Upstream open reading frames (uORFs) are a class of translated regions (translons) in mRNA 5′ leaders. uORFs are believed to be pervasive regulators of the translation of mammalian mRNAs. Some uORFs are highly repressive but others have little or no impact on downstream mRNA translation either due to inefficient recognition of their start codon(s) or/and due to efficient reinitiation after uORF translation.

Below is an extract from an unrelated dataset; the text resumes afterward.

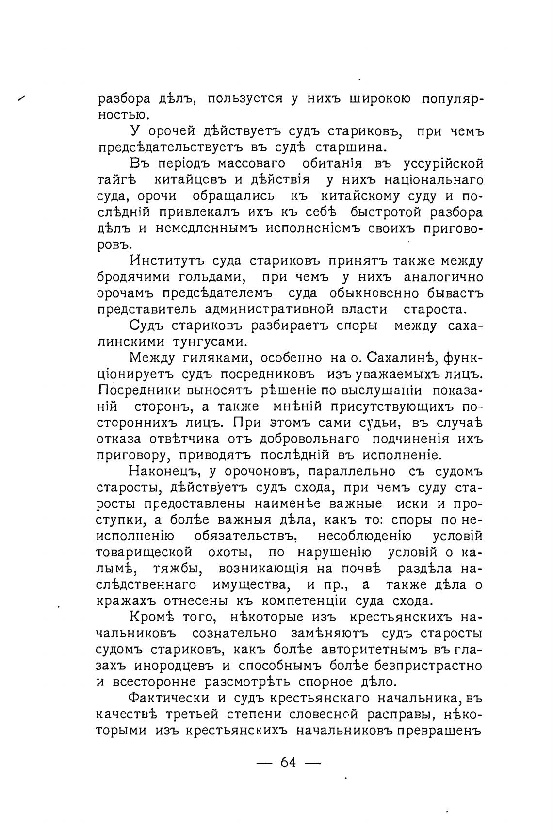 У орочей д%йствуетъ судь стариковъ, при чемъ

While experiments with uORF reporter constructs proved to be instrumental in the investigation of uORF-mediated mechanisms of translation control, they can have serious limitations as manipulations with uORF sequences can yield various artefacts. Here we propose a general approach for using translation complex profiling (TCP-seq) data for exploring uORF regulatory characteristics. Using several examples, we show how TCP-seq could be used to estimate both repressiveness and modes of action of individual uORFs. We demonstrate how this approach could be used to assess the mechanisms of uORF-mediated translation control in the mRNA of several human genes, including EIF5, IFRD1, MDM2, MIEF1, PPP1R15B, TAF7, and UCP2.

Abstract Image

通过翻译复合体轮廓测序,可以分辨上游开放阅读框控制翻译中的漏扫描和再启动。
上游开放阅读框(uORFs)是 mRNA 5' 头部的一类翻译区域(转译子)。据信,uORFs 是哺乳动物 mRNA 翻译的普遍调节因子。有些 uORF 具有高度抑制作用,但有些 uORF 对下游 mRNA 翻译影响很小或没有影响,原因可能是对其起始密码子的识别效率不高,或者/和由于 uORF 翻译后的有效再启动。尽管使用 uORF 报告构建体进行的实验被证明有助于研究 uORF 介导的翻译控制机制,但它们也有严重的局限性,因为对 uORF 序列的操作可能会产生各种假象。在这里,我们提出了一种使用翻译复合剖析(TCP-seq)数据探索 uORF 调控特性的通用方法。通过几个例子,我们展示了如何利用 TCP-seq 估算单个 uORF 的抑制性和作用模式。我们展示了这种方法如何用于评估 uORF 介导的几个人类基因 mRNA 翻译控制机制,包括 EIF5、IFRD1、MDM2、MIEF1、PPP1R15B、TAF7 和 UCP2。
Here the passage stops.